_What you are asked to do:_ Repeat the data that follows, word for word, without the images.

_Provided data:_
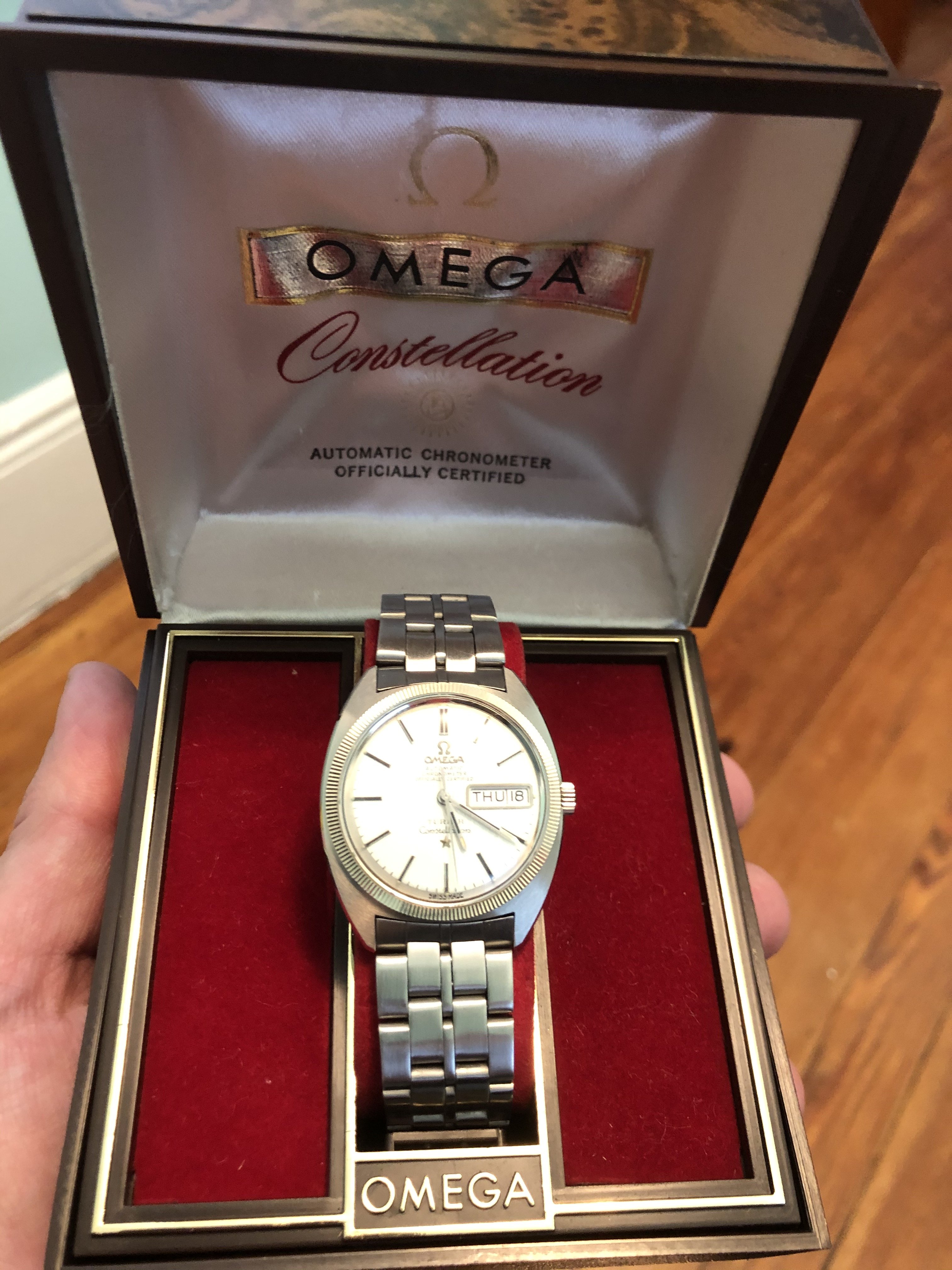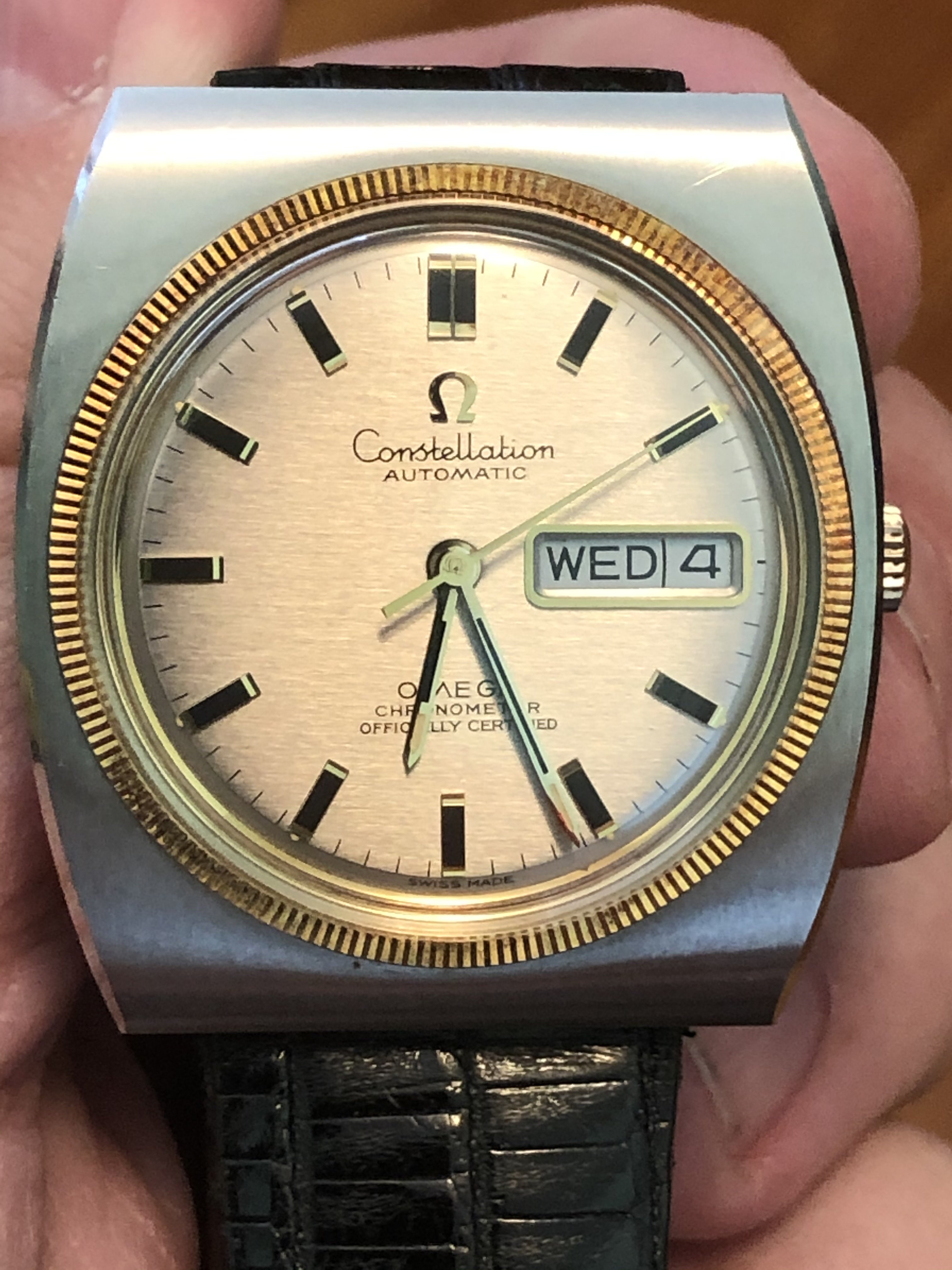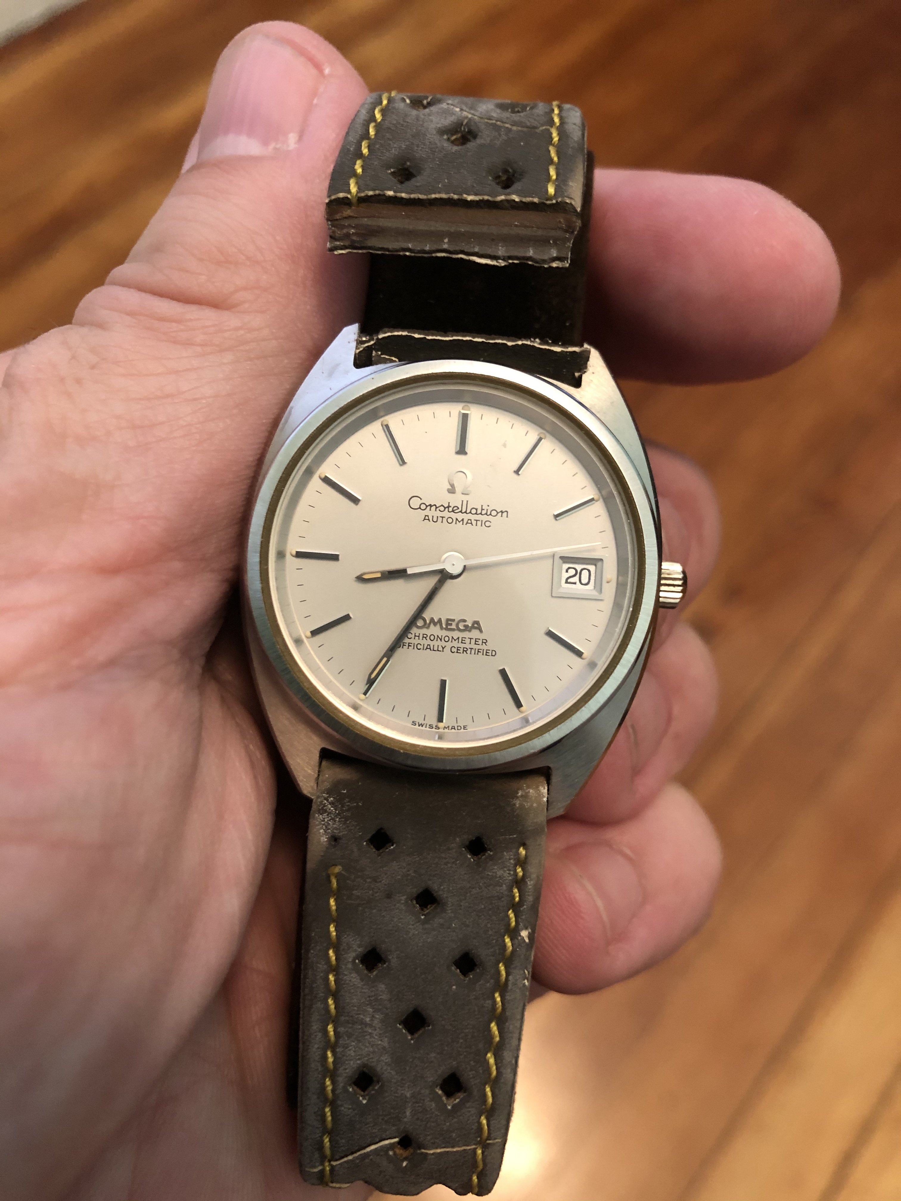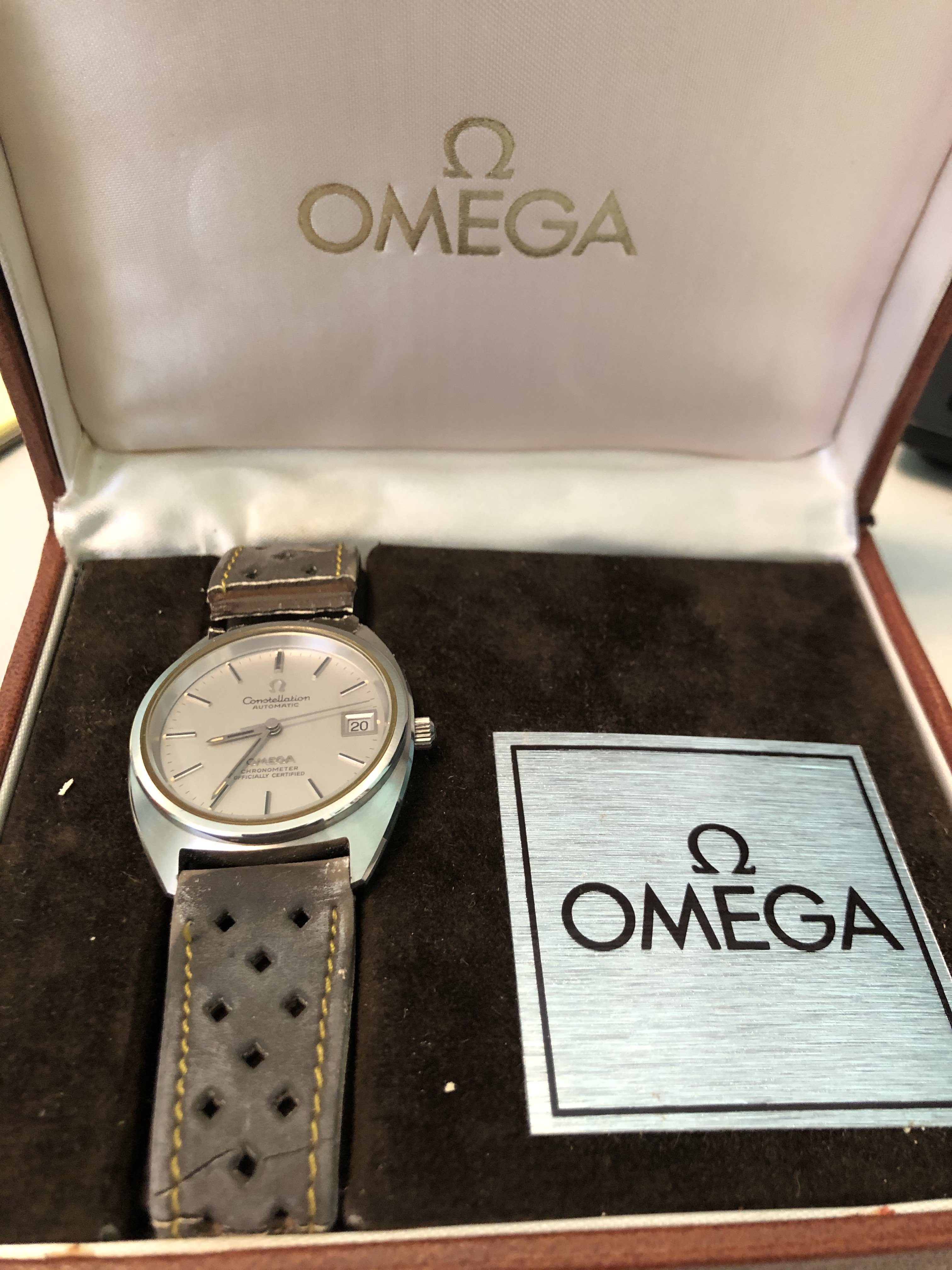 ·The two watches shown below were handed down to me from my dad. I am looking for help on figuring out the exact models they are and what the current value of them may be. I believe that he must have purchased them in the early 1970's. I do not believe he ever wore them as he had another Omega watch which he wore everyday. and they appear to me to be in perfect condition. The bands i believe are both original but one has deteriorated due to age. I also have the original boxes. I am thinking about servicing the watches to get them to run and replacing the band but would like some advice before I proceed further.
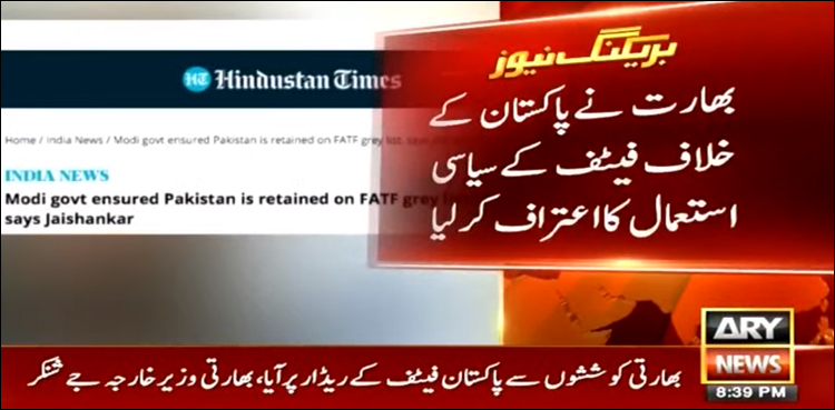 بھارتی میڈیا رپورٹ کے مطابق وزیر خارجہ جے شنکر نے اعتراف کیا کہ ’بھارت کی کوشش سے پاکستان فیٹف کی گرے لسٹ میں رہا، ہماری ہی کوششوں سے پاکستان فیٹف کے ریڈار پر آیا‘۔
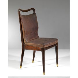 struttura in legno, seduta e schienale imbottiti e rivestiti, puntali in ottone

_Finished exercise:_
 ·The two watches shown below were handed down to me from my dad. I am looking for help on figuring out the exact models they are and what the current value of them may be. I believe that he must have purchased them in the early 1970's. I do not believe he ever wore them as he had another Omega watch which he wore everyday. and they appear to me to be in perfect condition. The bands i believe are both original but one has deteriorated due to age. I also have the original boxes. I am thinking about servicing the watches to get them to run and replacing the band but would like some advice before I proceed further.
 بھارتی میڈیا رپورٹ کے مطابق وزیر خارجہ جے شنکر نے اعتراف کیا کہ ’بھارت کی کوشش سے پاکستان فیٹف کی گرے لسٹ میں رہا، ہماری ہی کوششوں سے پاکستان فیٹف کے ریڈار پر آیا‘۔
 struttura in legno, seduta e schienale imbottiti e rivestiti, puntali in ottone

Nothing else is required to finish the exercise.